# 70% of Income Rule is Flawed



## moneymusing (Apr 3, 2009)

http://www.marketwatch.com/story/advice-on-retirees-income-needs-is-flawed-2009-10-29

I'm not sure if I would be entirely comfortable with the idea of saving less for retirement but I do agree with the idea that everyone has their own retirement number.


----------



## leslie (May 25, 2009)

YOu don't need any 'study' to see this metric is garbage. Even the discussion at the link promptly ignored the '70% of income' and replaced it with '70% of spending'.

Obviously what you spend in your last year B4 retirement must be the starting point for determining what you will spend the next year. I.e. plus recreation expenses and less job expenses. 

But what you EARN B4 retirement probably has NO relationship to what you SPEND those years. You are in heavy-duty savings mode those last years.


----------



## OhGreatGuru (May 24, 2009)

Yes, it is flawed, mainly because of the variability of the expenditure side. If you are still paying rent, or paying a 40-year mortgage, 65-70% is not a bad rule of thumb. But most homeowners aim to retire mortgage-free, with their kids no longer financially dependent on them. If they manage this, then they don't need 70% to maintain the same life style.

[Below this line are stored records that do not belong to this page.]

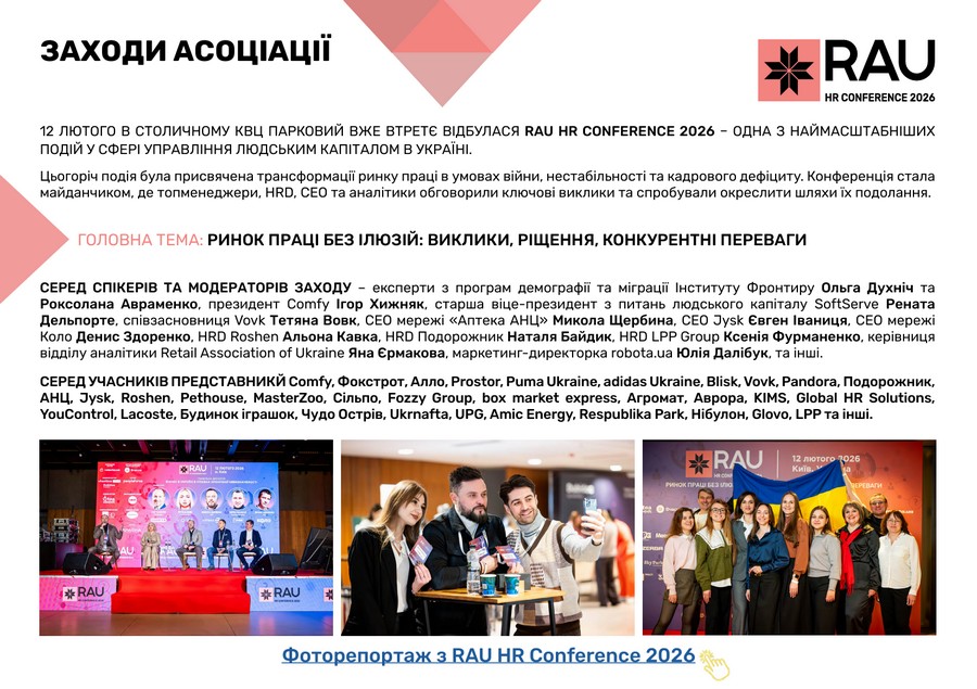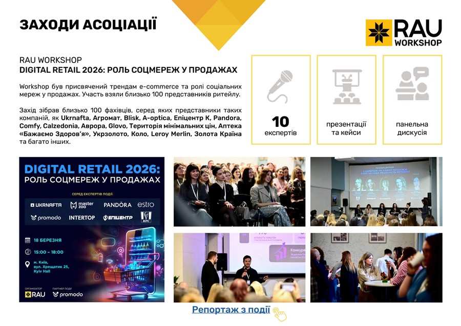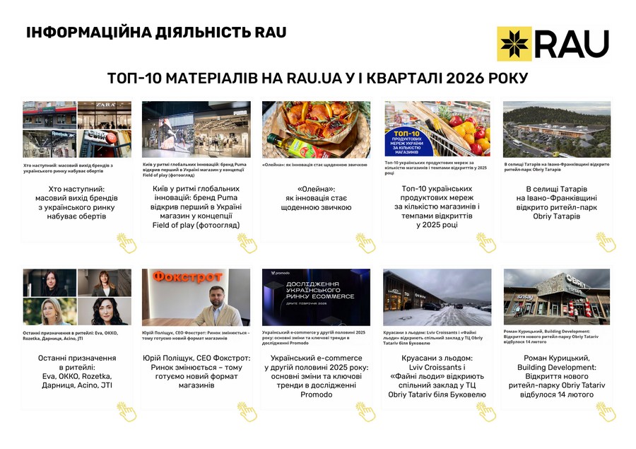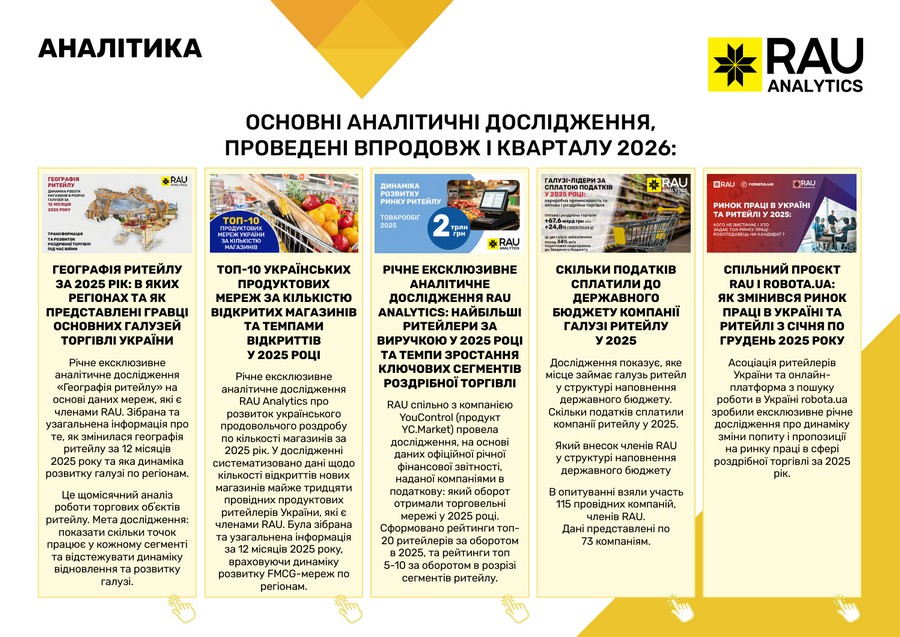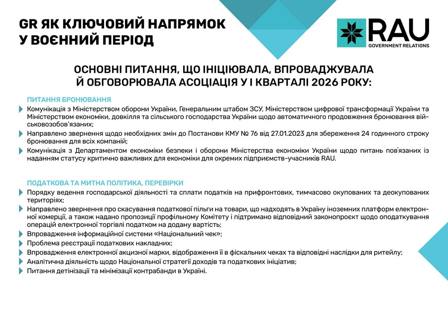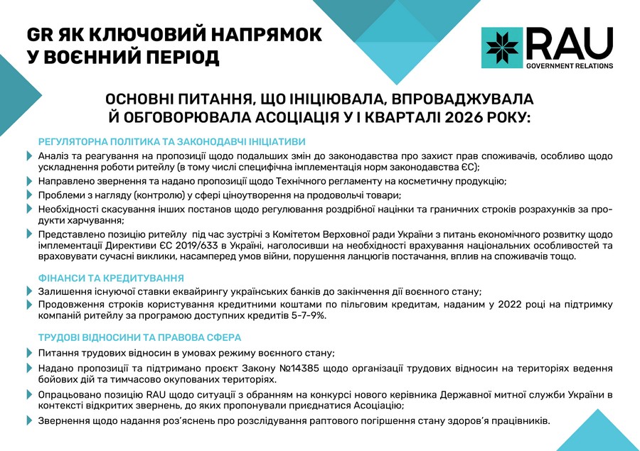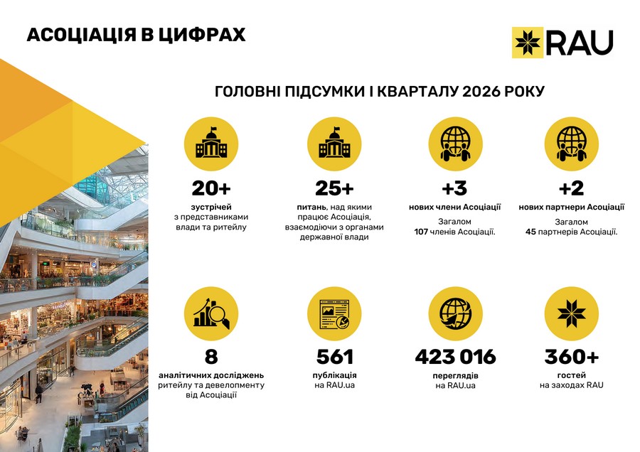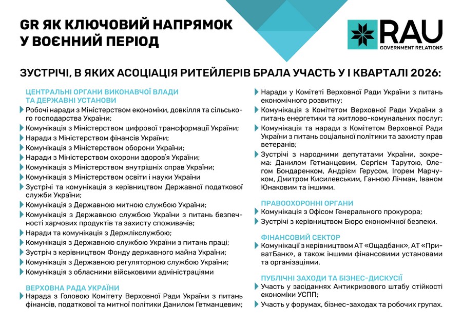 Підсумки роботи Асоціації ритейлерів України у І кварталі 2026 року в цифрах та графіках: які члени та партнери приєднались до RAU, які заходи проведено, скільки статей було опубліковано, які аналітичні дослідження вдалося реалізувати, які зустрічі з владою організувала GR-команда, що було зроблено та які результати отримано.
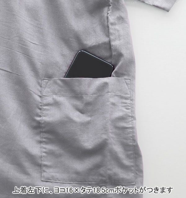 | 仕様 | 半袖 前開き(内、外紐つき) 左下ポケット |
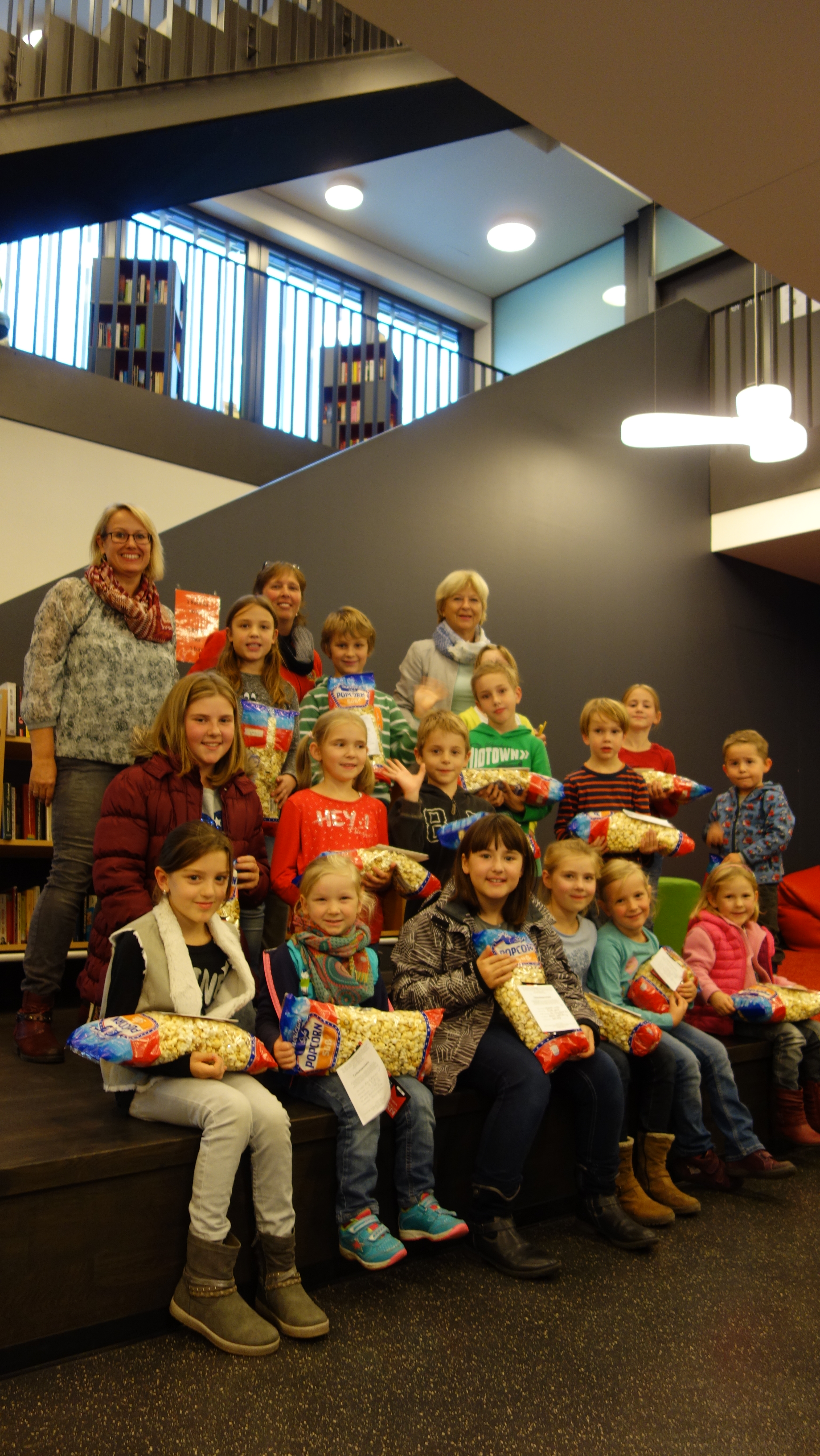 Unter allen abgegeben Ferienpässen wurden dabei Kinokarten im Wert von 150 Euro verlost. Die Kinokarten wurden von AmiciO für die Preisträger gesponsert. Unser Bild zeigt die glücklichen Gewinner mit einem Teil des Organisationsteams bei der Übergabe in der Bibliothek Manching.
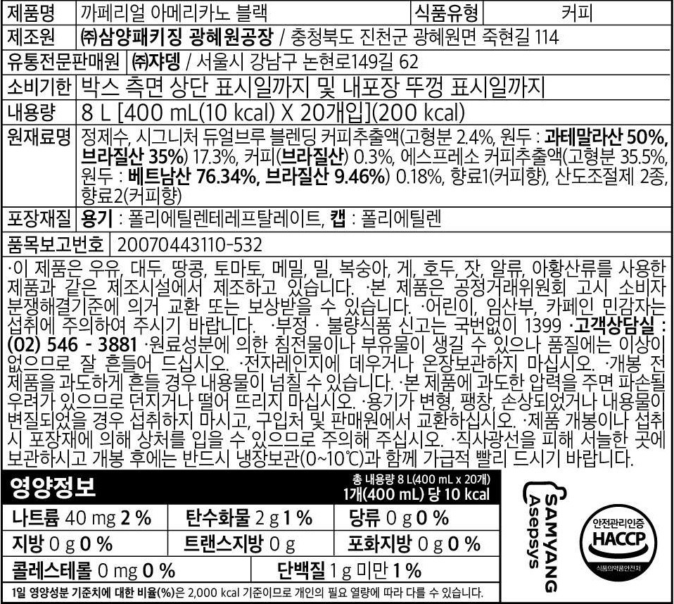 | 포장단위별 내용물의 용량(중량), 수량 | 400ml, 20개 | 원재료명 및 함량 | 컨텐츠 참조 |
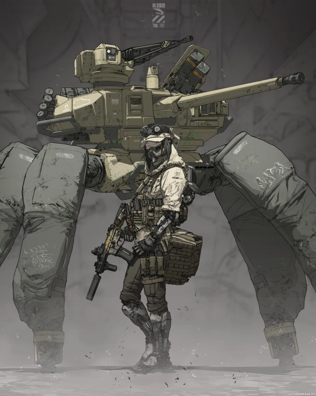 mechanized suit with tank-like features such as tracks and artillery barrels. The background suggests a post-apocalyptic or battle-damaged environment. There are also symbols that might represent logos, possibly related to the setting's narrative.
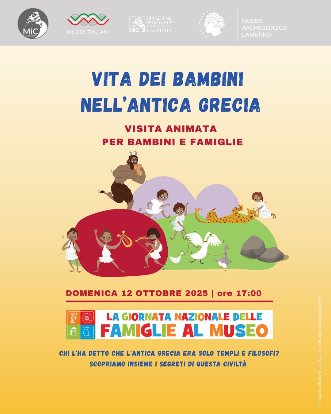 Domenica 12 ottobre (alle ore 17.00) per la Giornata Nazionale delle Famiglie al Museo 2025 il Museo Archeologico Lametino ospita una visita animata per famiglie e bambini dal titolo “Vita dei bambini nell’Antica Grecia”.
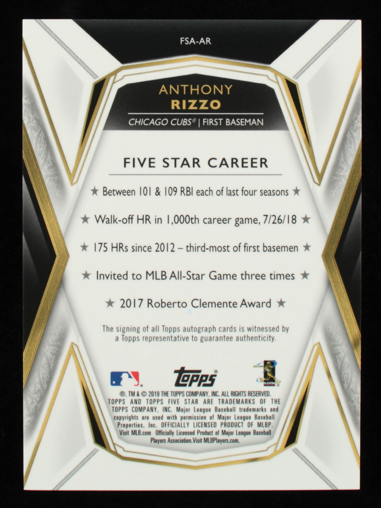 Anthony Rizzo 2019 Topps Five Star Autographs Green #FSAAR #10/15
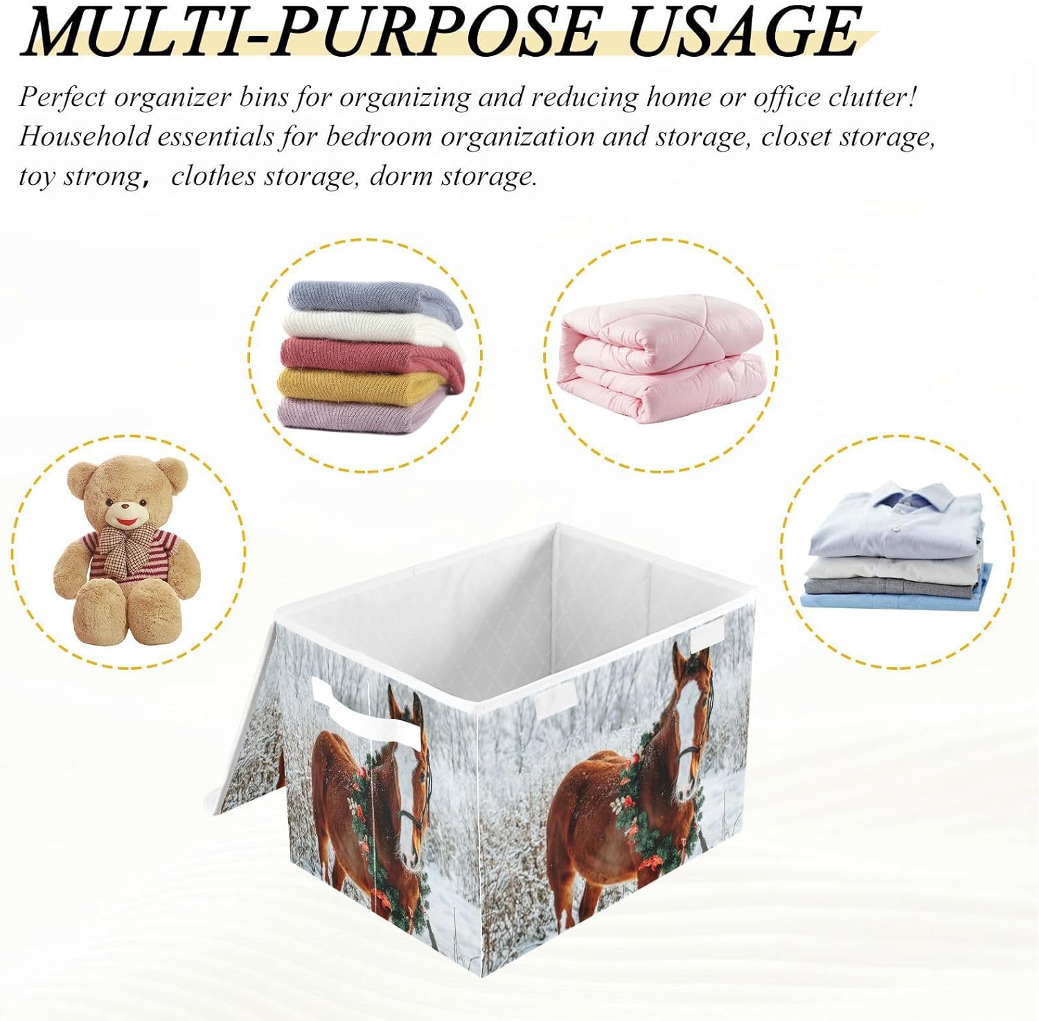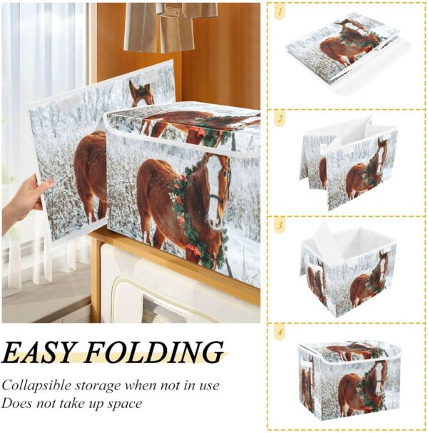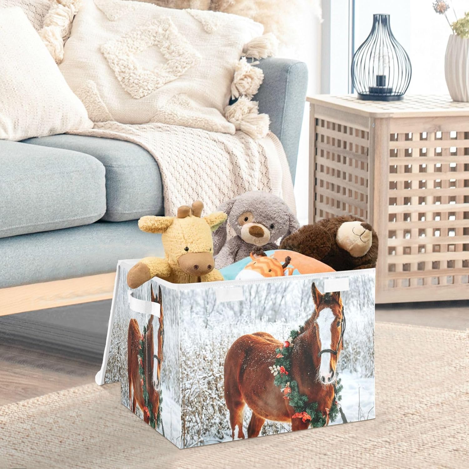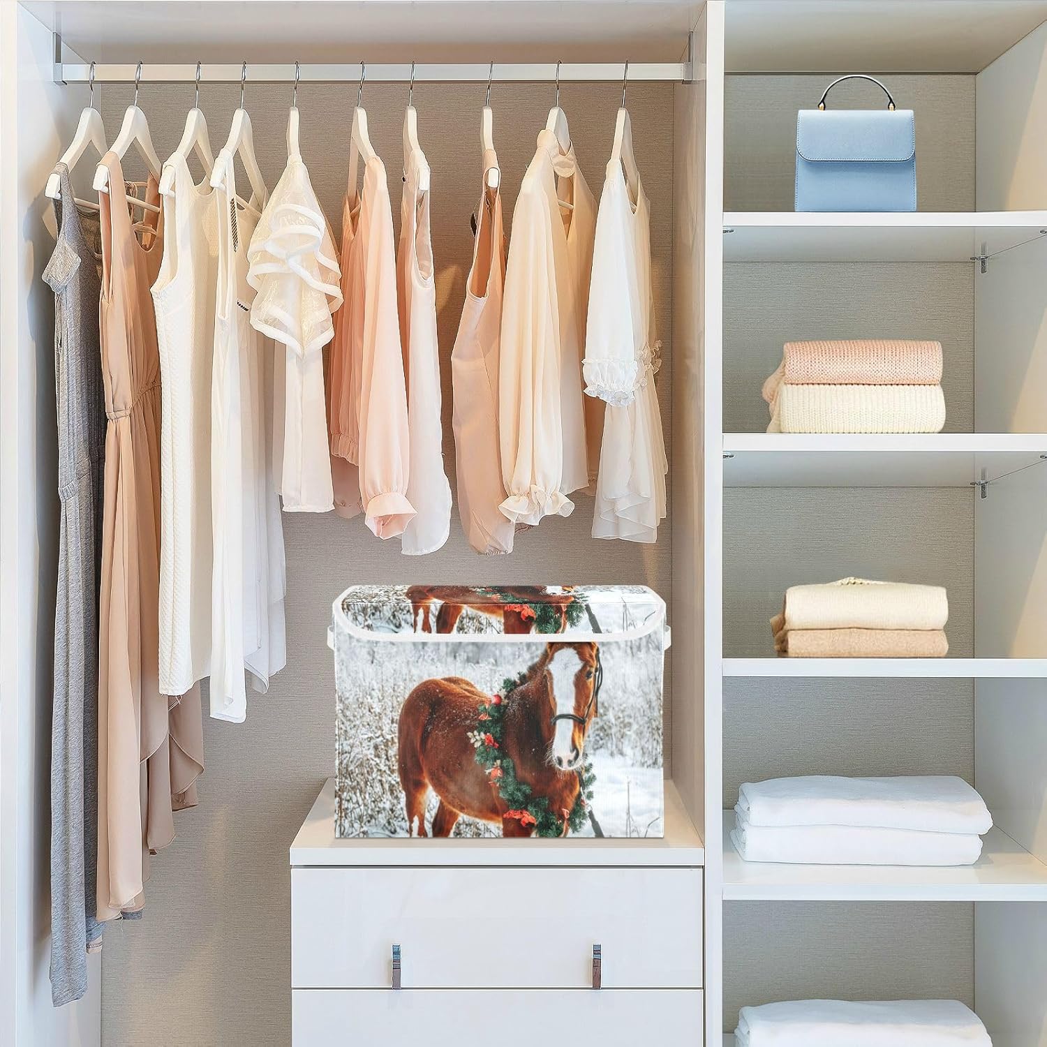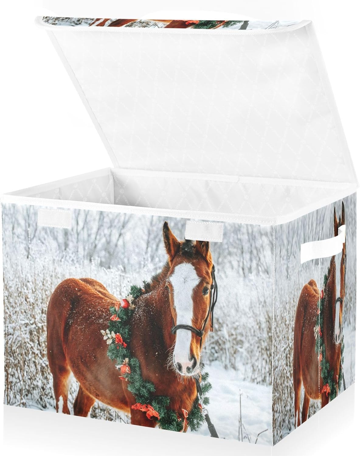 xigua Red Horse in Christmas Collapsible Storage Bin with Lid 1Pack,Storage Box,Organizer, Container for Home Office Shelf Closet Toys Clothes Sundries, Reusable352

It might be more accurate to say that the 70% rule is based on a statistically average wage earner, with statistically average living costs. The principle is that after retirement you no longer have to pay:
CPP, Pension or RRSP Contributions; EI; Union Dues; or other work-related deductions and costs. These, together with lowering your taxes, mean that a 70% gross pension income will net about the same net take-home pay.


----------



## osc (Oct 17, 2009)

My retirement planning came to the conclusion that I will need about 35% of after-tax income (if I'll be mortgage free). I rounded that to 40%. 
The percentage obviously depends on the absolute value of current income. I think that 70% is accurate for current average after-tax income of Canadian families (which I think is around $75k).


----------



## Saniokca (Sep 5, 2009)

moneymusing said:


> http://www.marketwatch.com/story/advice-on-retirees-income-needs-is-flawed-2009-10-29
> 
> I'm not sure if I would be entirely comfortable with the idea of saving less for retirement but I do agree with the idea that everyone has their own retirement number.


Technically it is garbage. However, for people who don't care to learn about retirement (clearly if you are on this forum you are not one of them) this is a nice number to strive for. The rules of thumb are NOT a bad idea. They are created for general public who will never bother looking into these issues. 

Example (not a great one so don't slaughter me) - Rule of thumb: eat vegetables. Now someone who doesn't know too much about nutrition will try to follow this. People who do care to investigate will tell you that lettuce is not THAT awesome for you while cabbage is. But does following at least this rule make the life of general public better? I think so.


----------